((
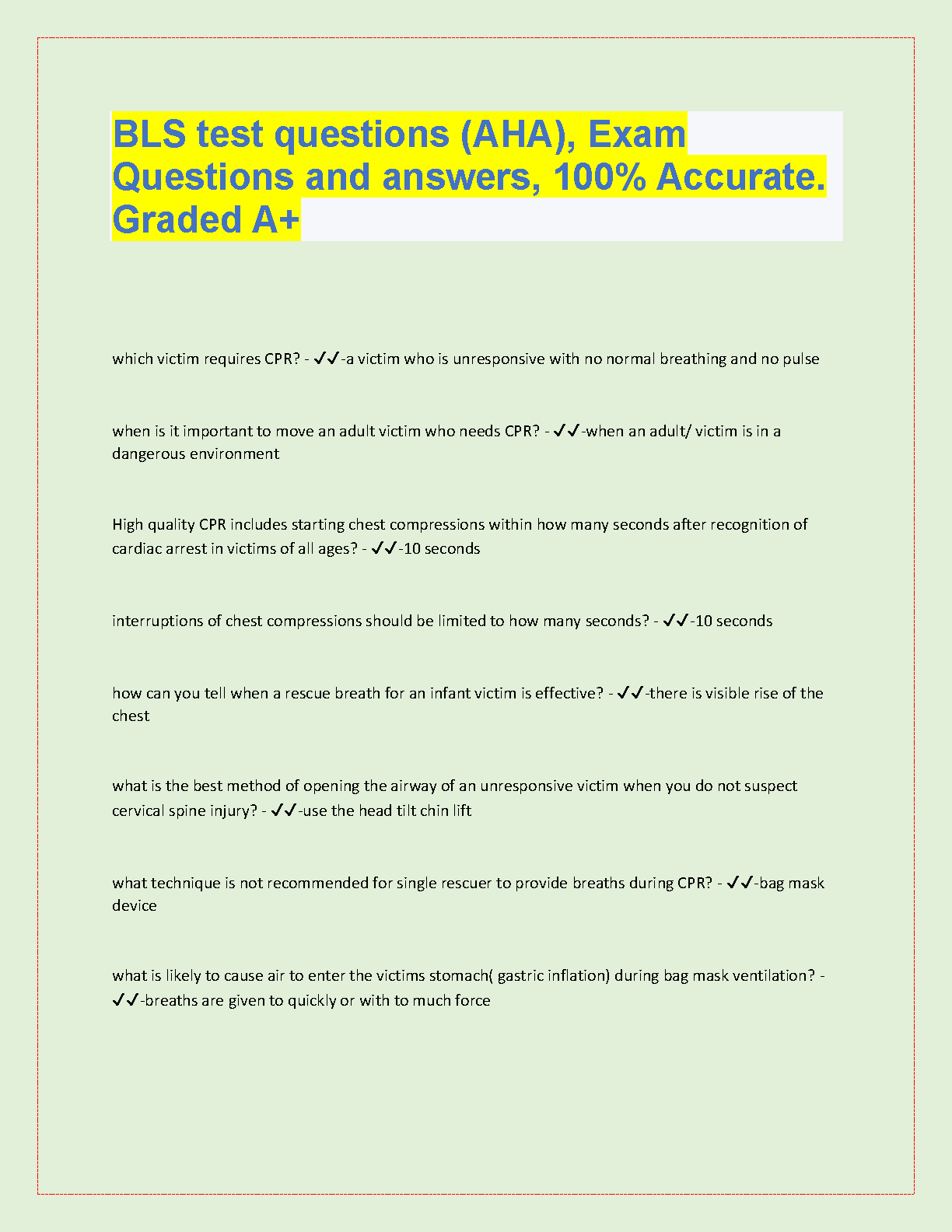 BLS Test Questions (AHA), Exam Questions and answers, 100% Accurate. Graded A+
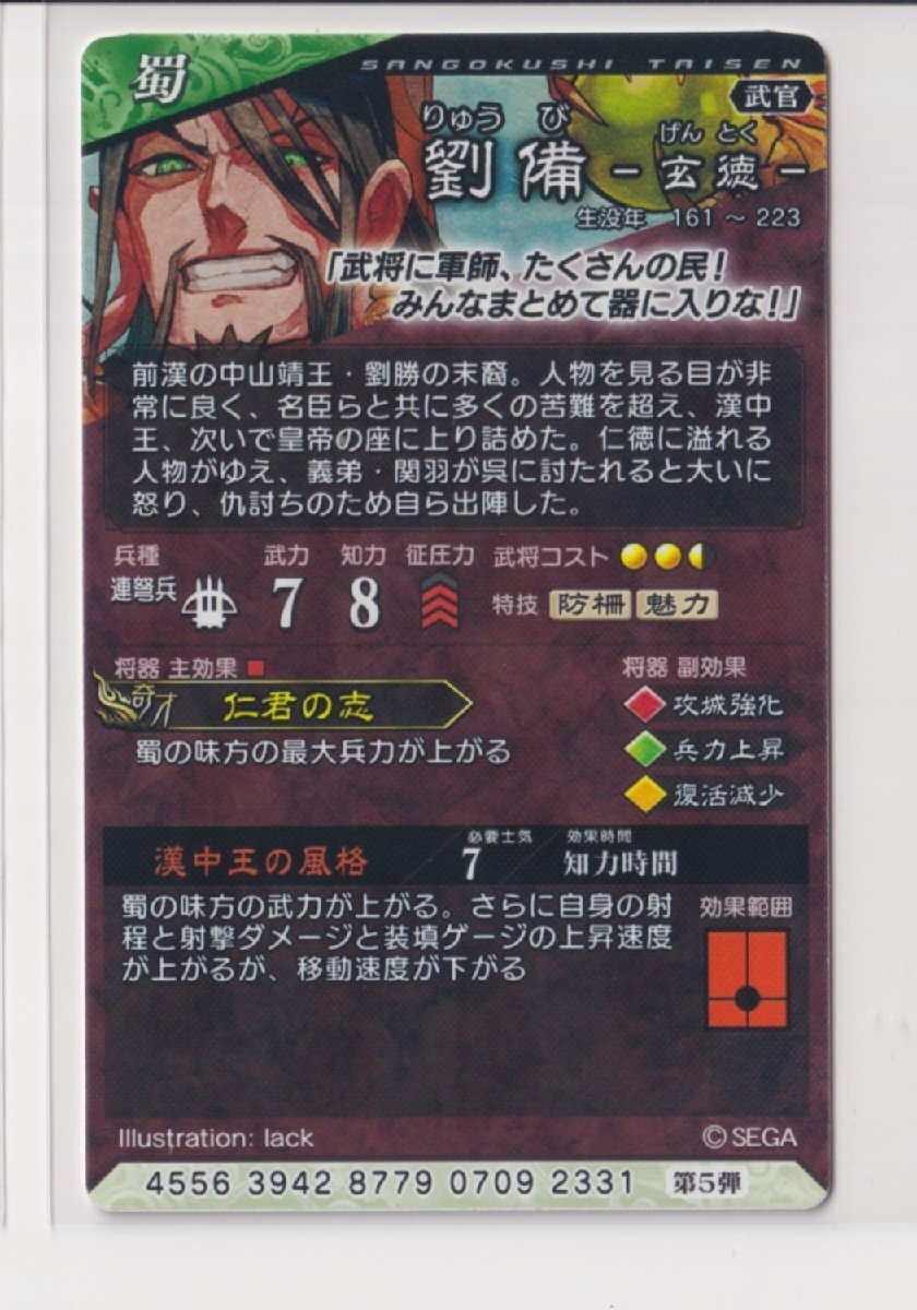三国志大戦6 蜀 5弾 SR 劉備 漢中王の風格 仁君 コレクション用 【3子08】
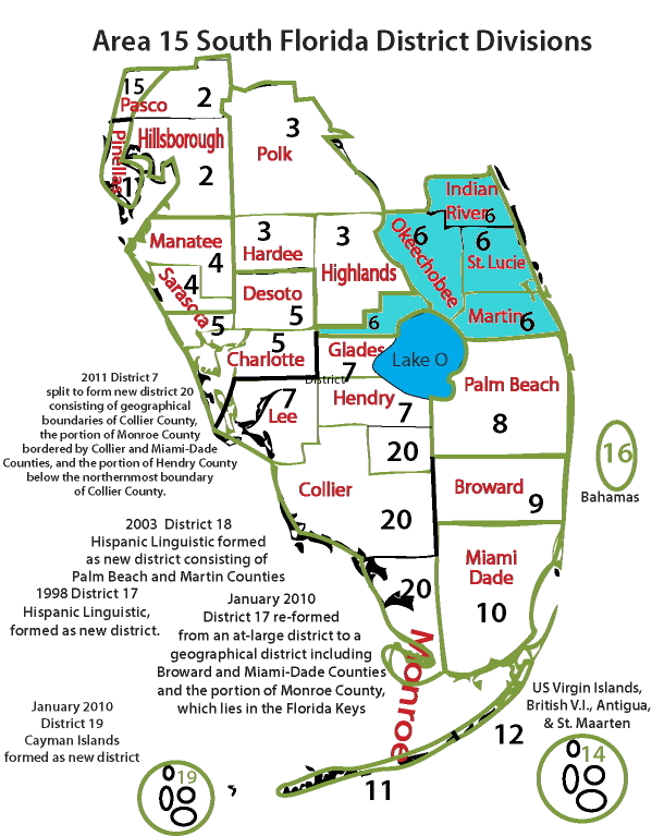 District 6 serves Indian River, St. Lucie, Martin, Okeechobee and Glades counties, in South Florida Area 15.
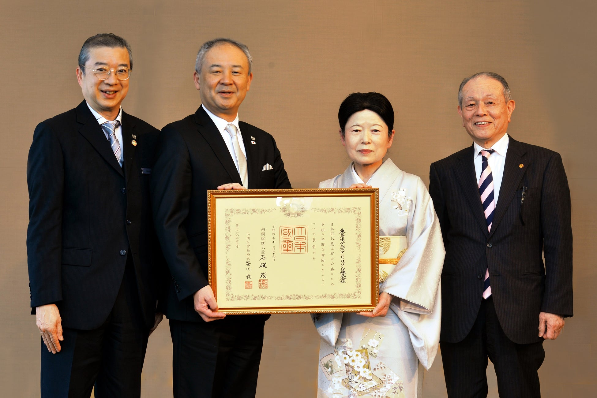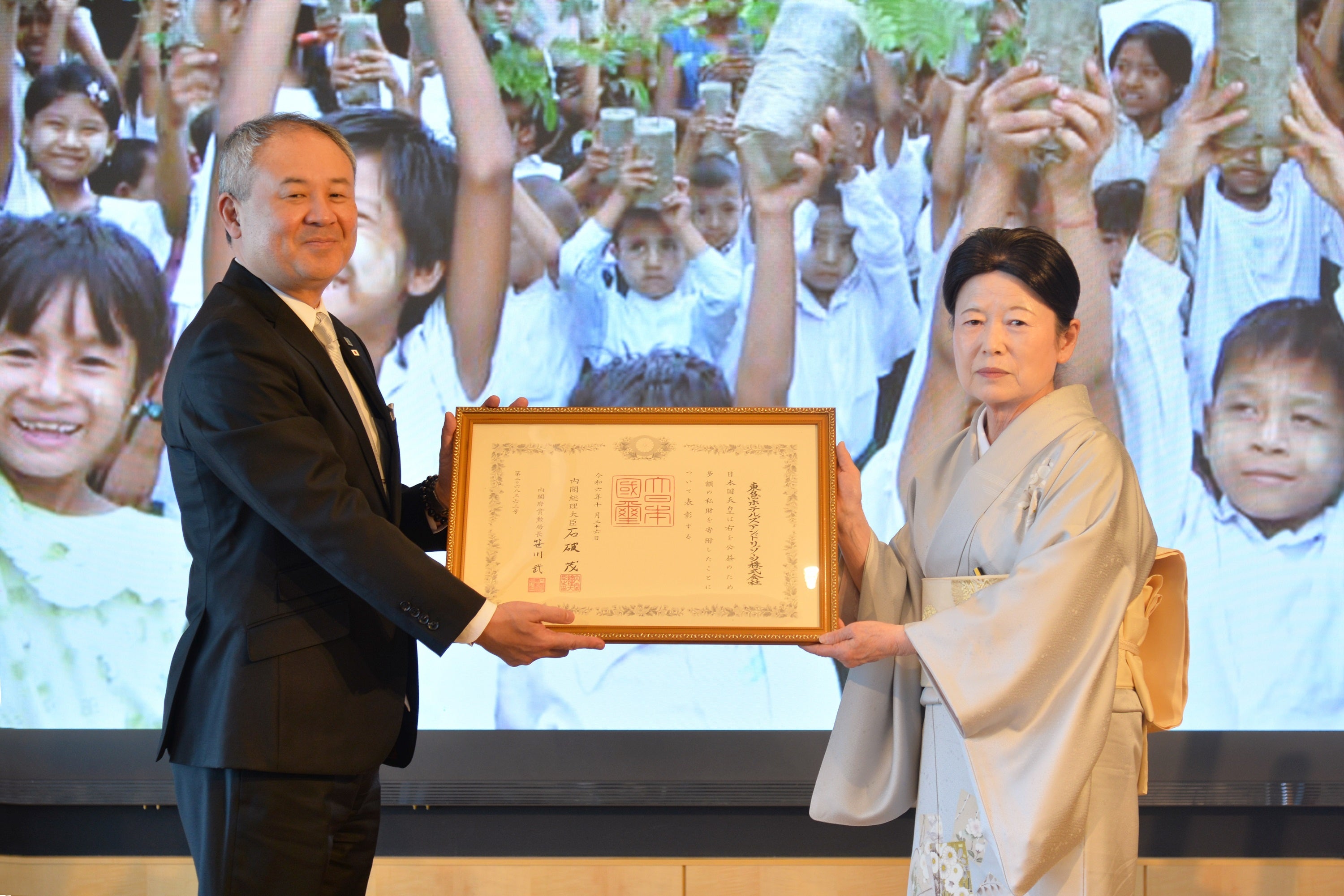 東急ホテルズ&リゾーツ株式会社(東京都渋谷区、取締役社長 村井 淳)は、公益財団法人オイスカ(東京都杉並区、理事長 中野 悦子、以下「オイスカ」)に推薦いただき、昨年秋、紺綬褒章を受章しました。このたび褒状(賞状)を授与されましたので、あらためてお知らせいたします。
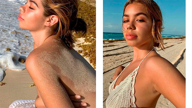 La hija de Andrea del Boca utilizó su cuenta de Instagram para compartir un secuencia de imágenes en una playa solitaria en la que se animó a hacer un topless, y levantar suspiros entre sus seguidores. "Water sign habitat", escribió la adolescente junto a las fotografías que publicó en las redes sociales.
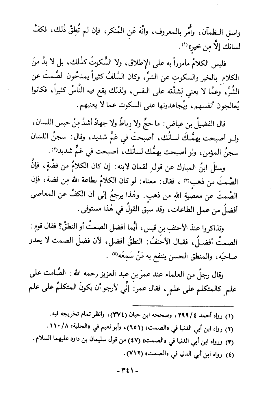 فَلَيْسَ الْكَلَامُ مَأْمُورًا بِهِ عَلَى الْإِطْلَاقِ، وَلَا السُّكُوتُ كَذَلِكَ، بَلْ لَابُدَّ مِنَ الْكَلَامِ بِالْخَيْرِ وَالسُّكُوتِ عَنِ الشَّرِّ، وَكَانَ السَّلَفُ كَثِيرًا يَمْدَحُونَ الصَّمْتَ عَنِ الشَّرِّ، وَعَمَّا لَا يُعْنِي لِشِدَّتِهِ عَلَى النَّفْسِ، وَذَلِكَ يَقَعُ فِيهِ النَّاسُ كَثِيرًا، فَكَانُوا يُعَالِجُونَ أَنْفُسَهُمْ، وَيُجَاهِدُونَهَا عَلَى السُّكُوتِ عَمَّا لَا يَعْنِيهِمْ.
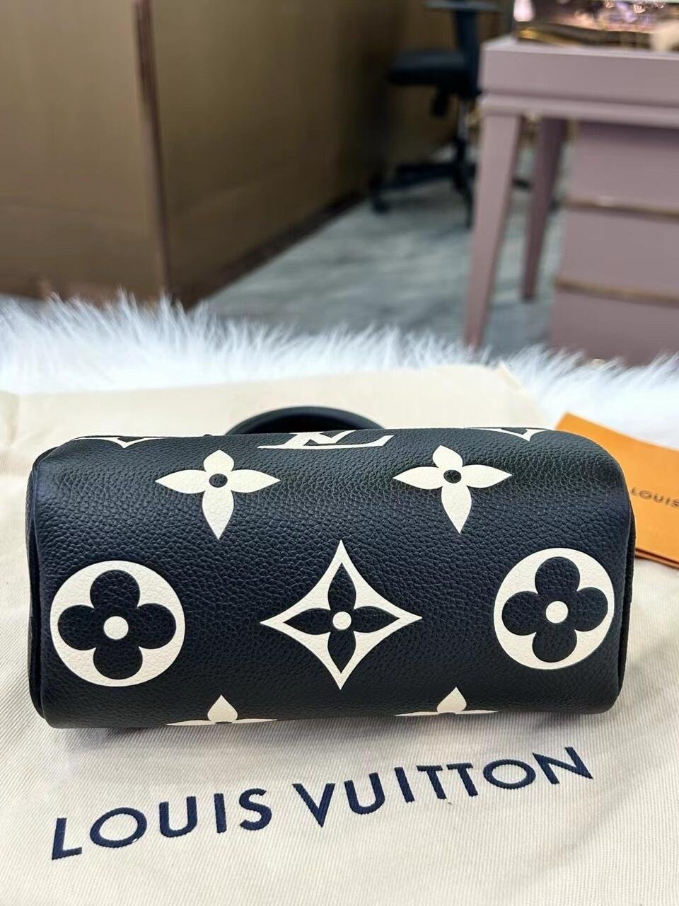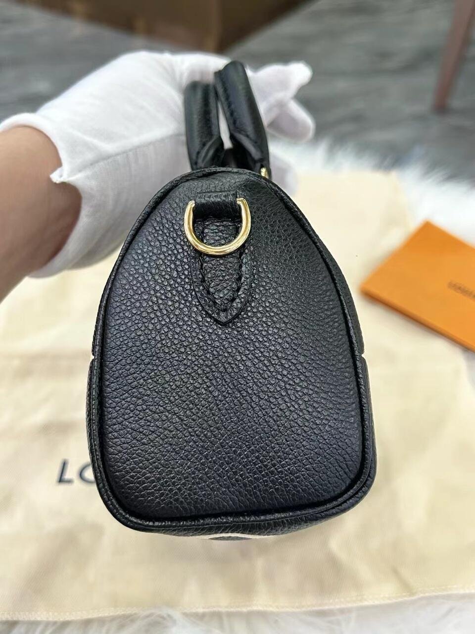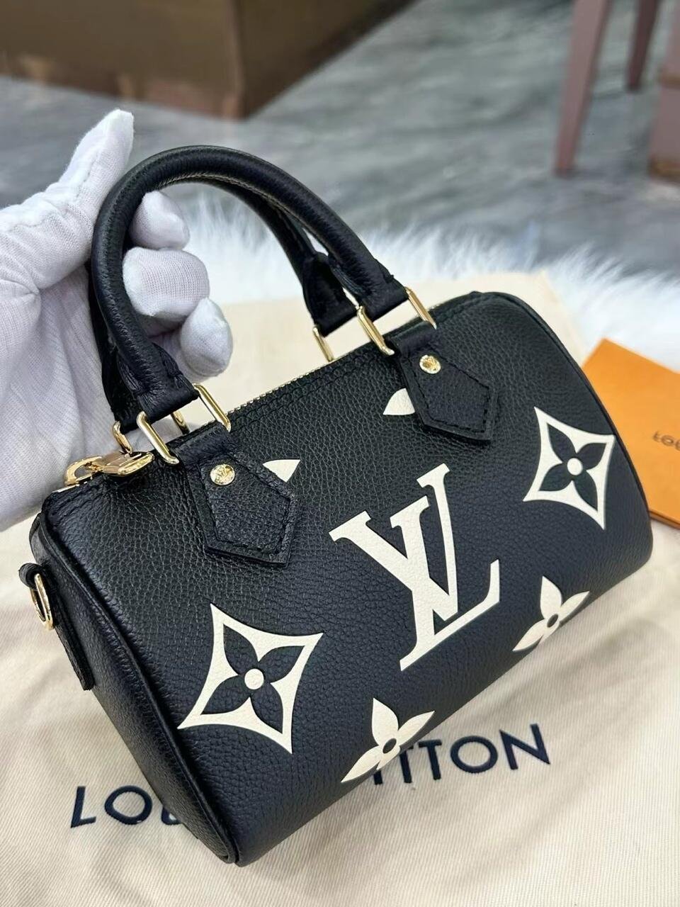 The Nano Speedy is crafted from supple, grained Monogram Empreinte leather, whose bicolor palette highlights the embossed Monogram pattern. This miniature replica of Louis Vuitton’s iconic Speedy bag has a secure zip closure, while its two handles and removable, adjustable shoulder strap offer multiple carry options.
))
● **Aim of the exercise**:
Leave out the images and write out the lines above exactly, from the one with "三国志大戦6 蜀 5弾 SR 劉備 漢中王の風格 仁君 コレクション用 【3子08】" up to and including the one with "東急ホテルズ&リゾーツ株式会社(東京都渋谷区、取締役社長 村井 淳)は、公益財団法人オイスカ(東京都杉並区、理事長".

● **Output of the task**:
三国志大戦6 蜀 5弾 SR 劉備 漢中王の風格 仁君 コレクション用 【3子08】
 District 6 serves Indian River, St. Lucie, Martin, Okeechobee and Glades counties, in South Florida Area 15.
 東急ホテルズ&リゾーツ株式会社(東京都渋谷区、取締役社長 村井 淳)は、公益財団法人オイスカ(東京都杉並区、理事長 中野 悦子、以下「オイスカ」)に推薦いただき、昨年秋、紺綬褒章を受章しました。このたび褒状(賞状)を授与されましたので、あらためてお知らせいたします。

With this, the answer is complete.